使用Illumina Hiseq X Ten仪器的平均深度至少为30倍(配对端,150 bp读数)的WGS在六个测序中心进行了几年(补充表17)。所有测序使用的无PCR库制备套件均从KAPA生物系统购买,相当于Illumina TruseQ无PCR样品制备指南中的协议(Illumina,FC-121-2001)。可从Topmed网站(https://www.nhlbiwgs.org/topmed-whole-whole-genome-sequesing-project-freeze-5b-phapees-1-and-2)获得。此外,在最佳测序项目开始之前对四个贡献研究的1,606个样本进行了30倍的覆盖范围WG,并包括在此数据集中。使用HISEQ 2000或2500仪器在Illumina上进行了测序,具有2×100 bp或2×125 bp配对的读数,有时使用PCR扩增。
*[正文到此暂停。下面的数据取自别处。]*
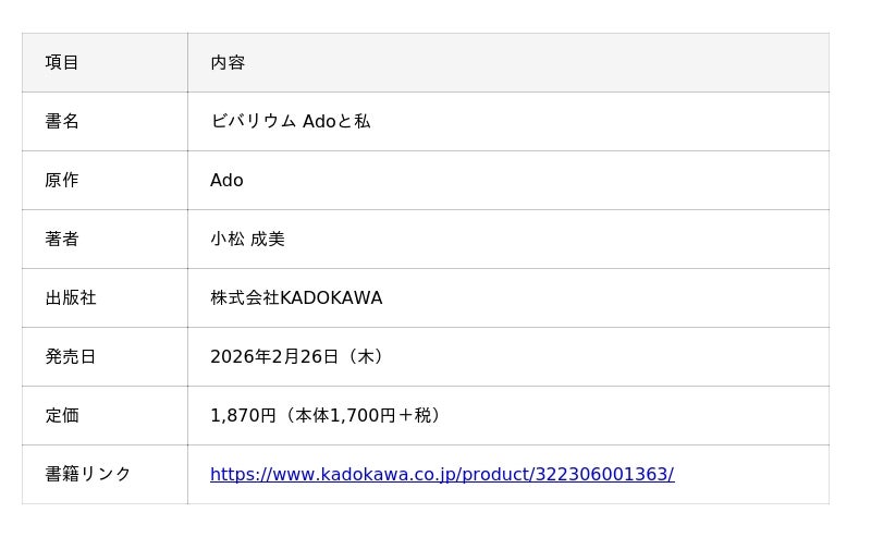 Adoの素顔に迫る『ビバリウム Adoと私』をKADOKAWAより刊行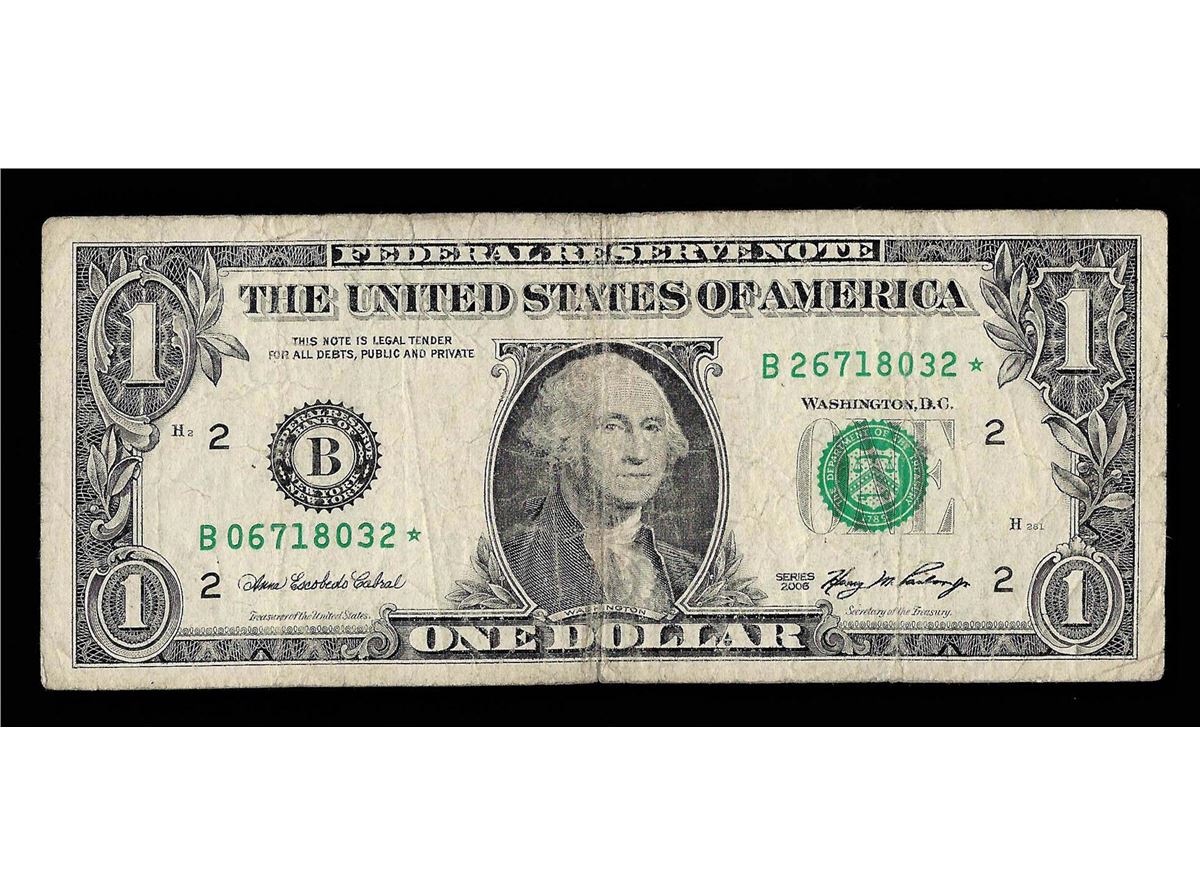 One 2006 $1 Federal Reserve Note Star ERROR Mismatching Serial Number.
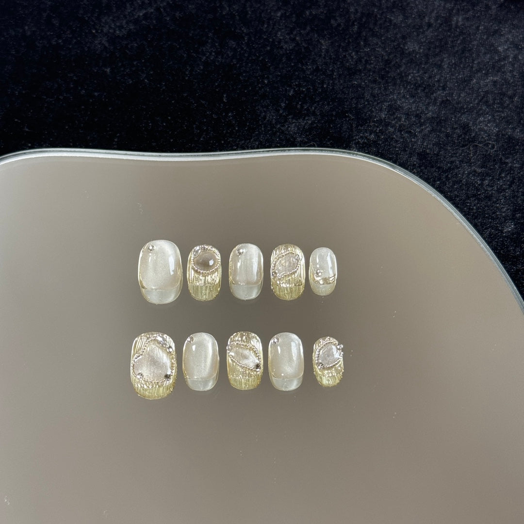 Ultra Short Square-Round Glass Bead Cat Eye & Bucciarati Handmade Press-On Nails | Removable & Reusable | Free Tool Kit Included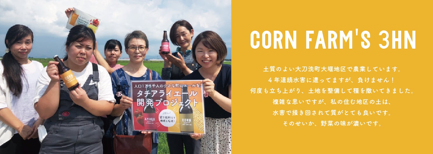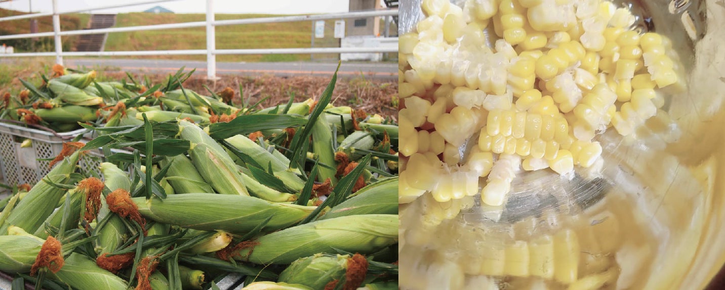 とうもろこし素材提供・ご協力: corn farm's 3Hn(ヒラタの畑 平田 裕子さん、マルスファーム平田由美子さん、ながのファーム 長野 恵さん、ひらつかファーム 平塚 里枝さん)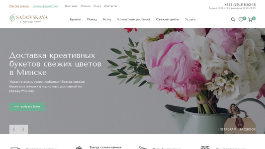 | AI-анализ | The portal Sadoskaya.by is an online flower shop offering author and creative bouquets, flower compositions, and houseplants for purchase. Customers can browse and buy bouquets, flower arrangements, and potted plants in respective categories. The website provides delivery services within Minsk and accepts payments online. Additionally, Sadoskaya.by offers floristry master classes and a floristry school. The website features sections for various occasions such as Mother's Day, birthdays, anniversaries, and romantic occasions. It also offers a selection of potted plants including palm trees, citrus plants, succulents, and bonsai. The website's content includes information about the company and contacts, as well as delivery and payment options. The domain sadovskaya.by is associated with the website. |
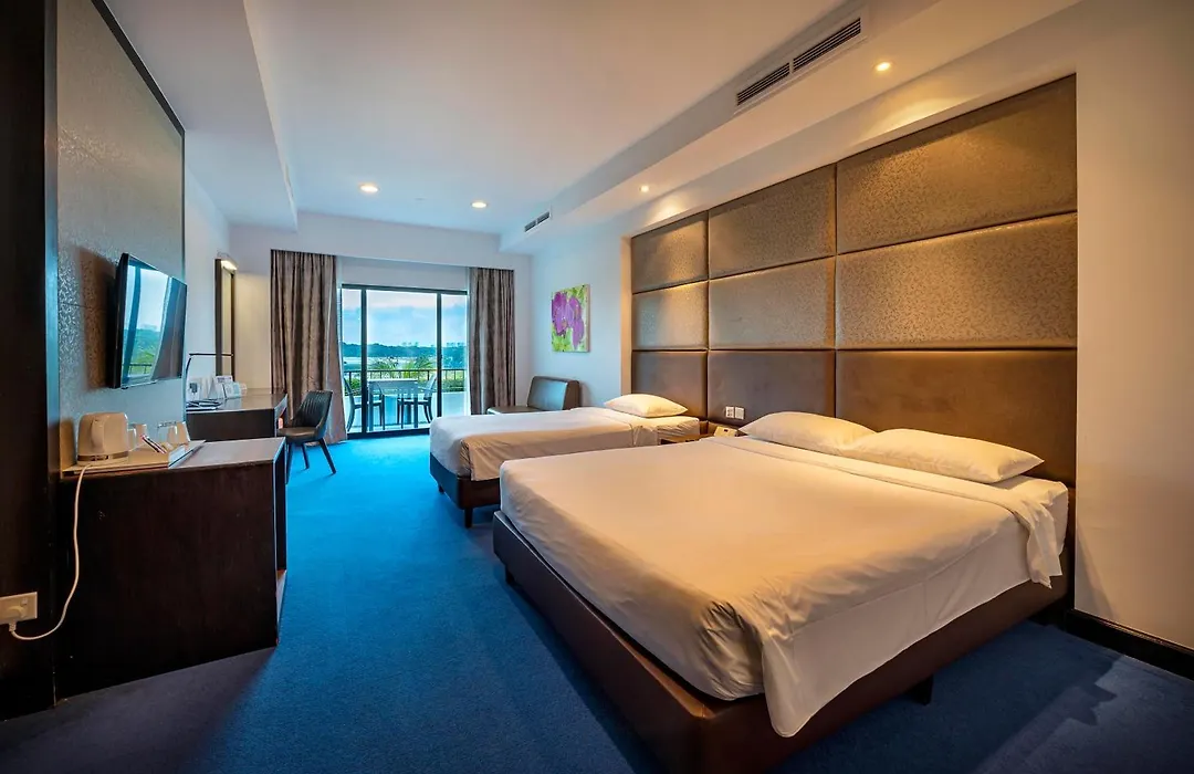 Dining options at Orchid Country Club include Passion Café, which offers local cuisines like Singapore Laksa and international dishes like Chef's Prawn Aglio Olio. The hotel offers a buffet spread across four restaurants, accommodating various culinary preferences.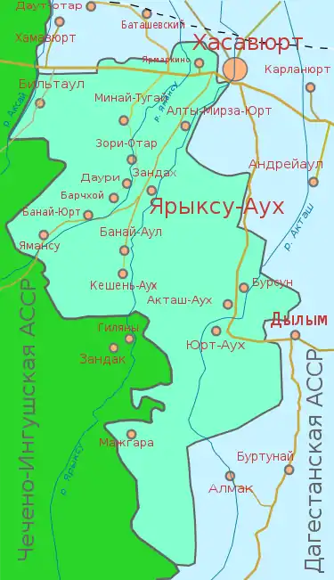 В целях более интенсивного хозяйственного и культурного развития чеченского населения, Указом Верховного Совета СССР от 5.10.1943 года, путём разукрупнения Хасавюртовского района, был создан моноэтнический — чеченский Ауховский район с центром в селе Ярыксу-Аух.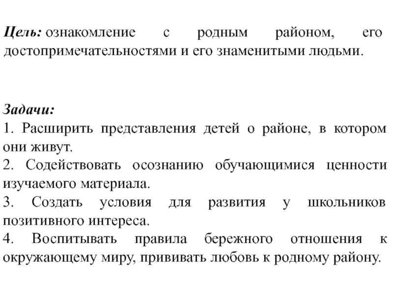 Цель: ознакомление с родным районом, его достопримечательностями и его знаменитыми людьми.Задачи:1. Расширить представления детей о районе, в котором они живут.2. Содействовать осознанию обучающимися ценности изучаемого материала.3. Создать условия для развития у школьников позитивного интереса.4. Воспитывать правила бережного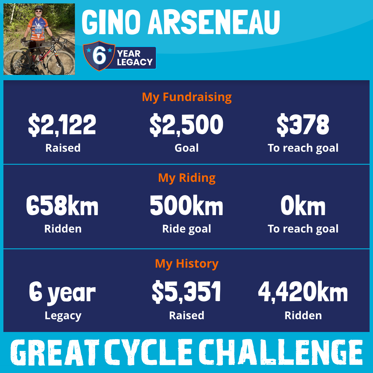 1,295 km Ridden$1,143 Raised2023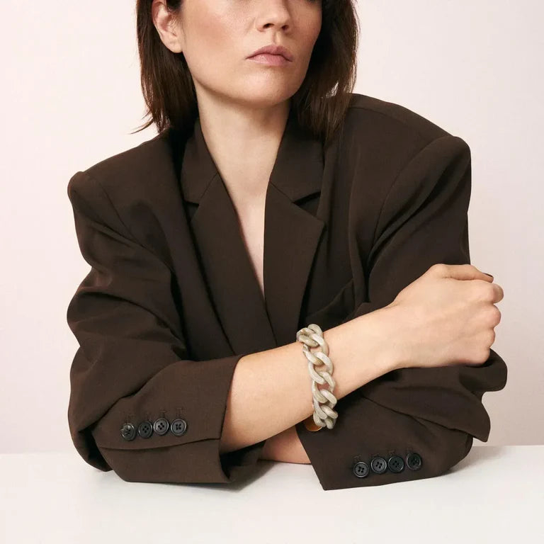 The bestseller that makes a statement. The feather-light acetate links nestle gently around every wrist and give you a comfortable feel. This bracelet not only attracts attention, but also reflects your personality in every outfit you wear.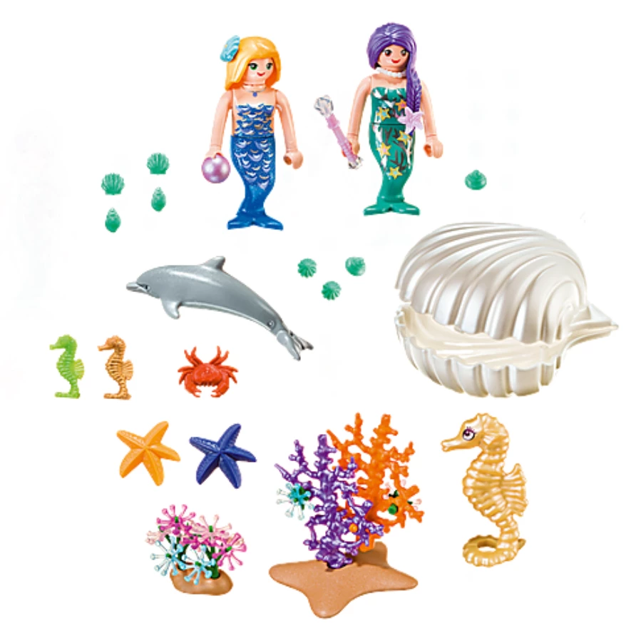 Figures: 2 mermaids; Animals: 1 dolphin, 2 small sea horses, 1 large sea horse, 1 crab, 2 starfish; Accessories: 1 carry case, 8 shells, 1 ball, 1 sceptre, 1 large shell, 1 coral, 1 underwater flower.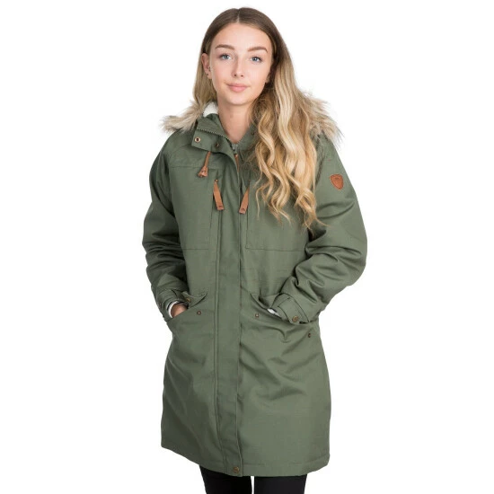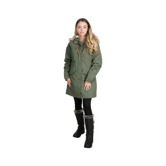 Adjustable drawcord at waist, furry fleece lining , removable hood fur trim, adjustable grown on hood, longer length with back hem vent, taped seams, padded , TP75, two patch pockets with flaps and two zip pockets, Waterproof: 3000mm. Breathable: 3000mvp. Windproof.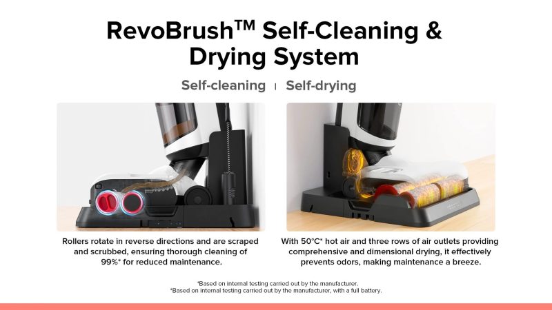 Questa lavapavimenti infatti dispone anche di una base di ricarica e auto-pulizia: il sistema RevoBrush pulisce i rulli con il mop, mentre l’aria calda a 50°C garantisce un’asciugatura completa.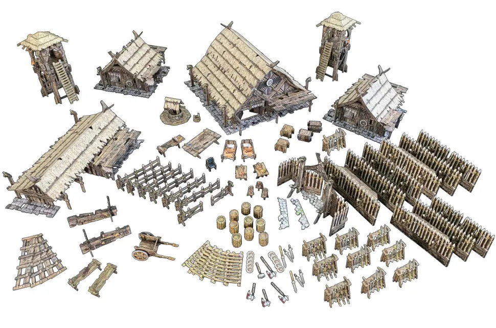 This box contains all the terrain you need for a complete gaming table set in a wooden settlement out on the plains, suitable for many 28-35mm fantasy and historical games. You can build a tightly packed settlement on a small skirmish board or spread the pieces out over a larger table. Many of the pieces are modular and can be assembled in any combination you choose for a different set-up every time. The roofs are removable and the buildings have fully detailed interiors.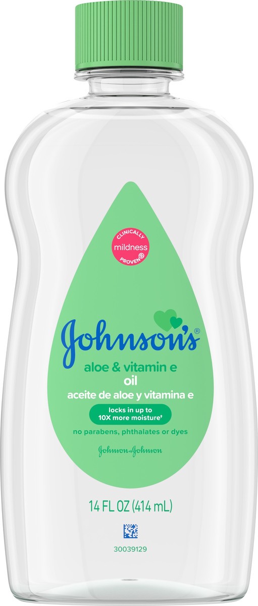 Johnson's Baby Oil, Mineral Oil with Aloe Vera & Vitamin E helps to Prevent Moisture Loss, Soothing, Moisturizing Baby Massage Oil, 14 fl. oz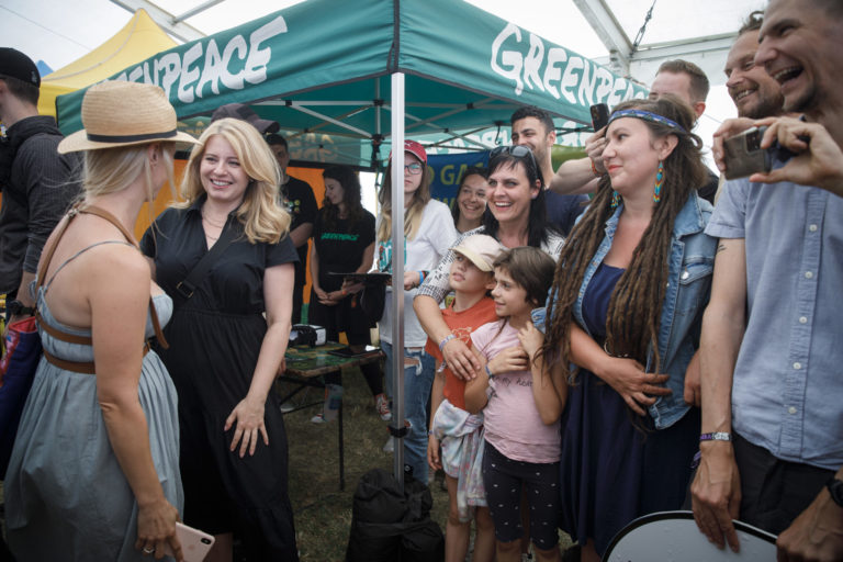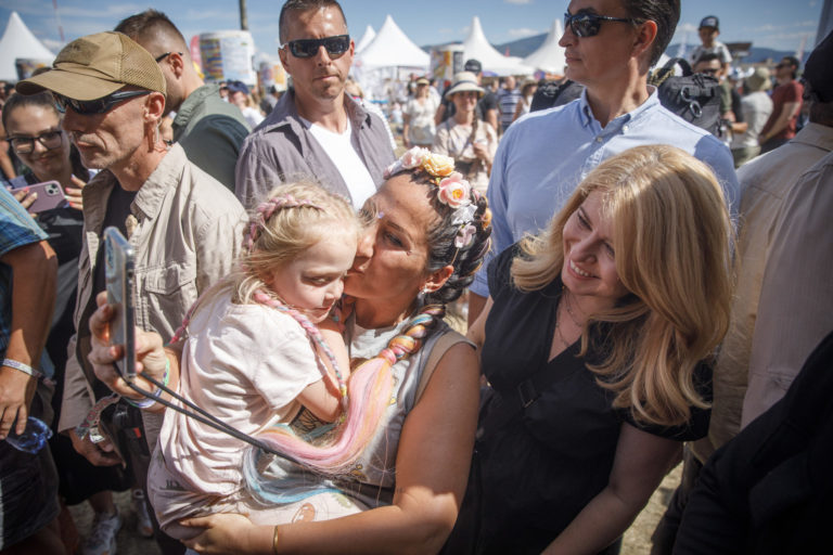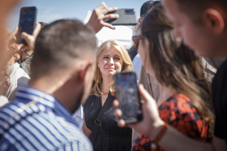 Prezidentka SR Zuzana Čaputová počas 25. ročníka multižánrového festivalu Pohoda 2022 na letisku v Trenčíne. Trenčín, 9. júl 2022. Foto: SITA/Branislav Bibel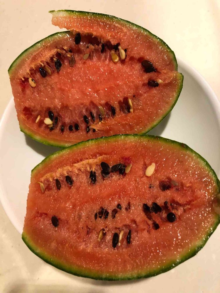 スイカお片付けしたので久しぶりのスイカ🍉2個目はだべれなかったので1個目から、2ヶ月最期のスイカ🍉水分補給に1人分まあまあの甘さで美味しかった😋
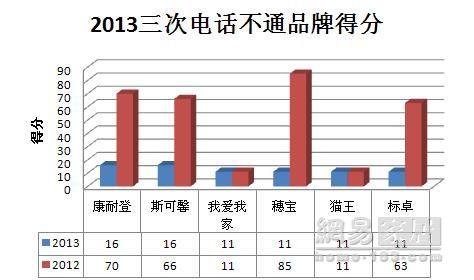 其中,貓王和我愛(ài)我家在2012年的調(diào)查中也是電話無(wú)人接聽(tīng)或者無(wú)法接通。而去年得分85分的穗寶,今年的調(diào)查中售后電話竟然三次都無(wú)人接聽(tīng),這與去年基本都能接通的情況大相徑庭。

定期进行序列数据处理,以生成“冻结”基因型数据,其中包括当时可用的所有样本。按照先前发布的协议,使用BWA-MEM76重塑所有序列为HS38DH 1000基因组构建了38个人类基因组参考,包括诱饵序列77。使用GOTCloud78,79管道在给定冻结中的所有样品中共同执行变体发现和基因型调用。此过程导致单一的多研究基因型调用集。用于变体站点的支持矢量机质量过滤器是使用一系列特定地点的质量指标和来自阵列的已知变体的训练,而1000个基因组项目作为阳性对照和具有Mendelian矛盾的变体作为负面对照(有关更多详细信息,请参见在线文档80)。在删除所有次要等位基因计数小于2的位点后,使用EAGLE 2.481逐步逐步逐步逐步逐步逐步逐步分阶段。样本级别的质量控制包括检查谱系错误,自我报告和遗传性别之间的差异以及与以前的基因分型阵列数据的一致性。在提交DBGAP之前,检测到的任何错误均已解决。有关WGS数据采集,处理和质量控制的详细信息在最佳数据冻结之间有所不同。冻结特定的方法在顶级网站(https://www.nhlbiwgs.org/data-sets)和DBGAP上发布的每个顶级登录中包含的文档中描述(例如,请参见phs000956.v4.p1中的文档PHD008024.1)。
每个研究参与者的个别级序列数据的副本都存储在Google和Amazon Cloud上。访问涉及批准的DBGAP数据访问请求,并由NCBI序列数据传递试验机制介导。该机制使用在用户云实例上运行的Fusera Software82用DBGAP处理身份验证和授权。它为一个或多个顶部(或其他)示例的序列数据提供了读取访问权限,作为.cram文件(带有相关的.crai索引文件),该文件安装在云计算实例上的保险丝虚拟文件系统中。样本由在NCBI序列读取存档(SRA)数据库中分配的“ SRR”运行登录号确定,并在每个研究的PHS号下显示在SRA运行选择器(https://trace.ncbi.ncbi.nlm.nih.gov/trace/trace/srace/sra/sra/sra/sra.cgi)中。通过搜索dbGap来查找“顶部”字符串,可以很容易地找到所有顶级研究的pHS数字。Fusera软件仅限于在Google或Amazon Cloud Instances上运行,以避免产生数据出口费用。Fusera,Samtools和其他工具也包装在Docker容器中,以易于使用,可以从Docker Hub83下载。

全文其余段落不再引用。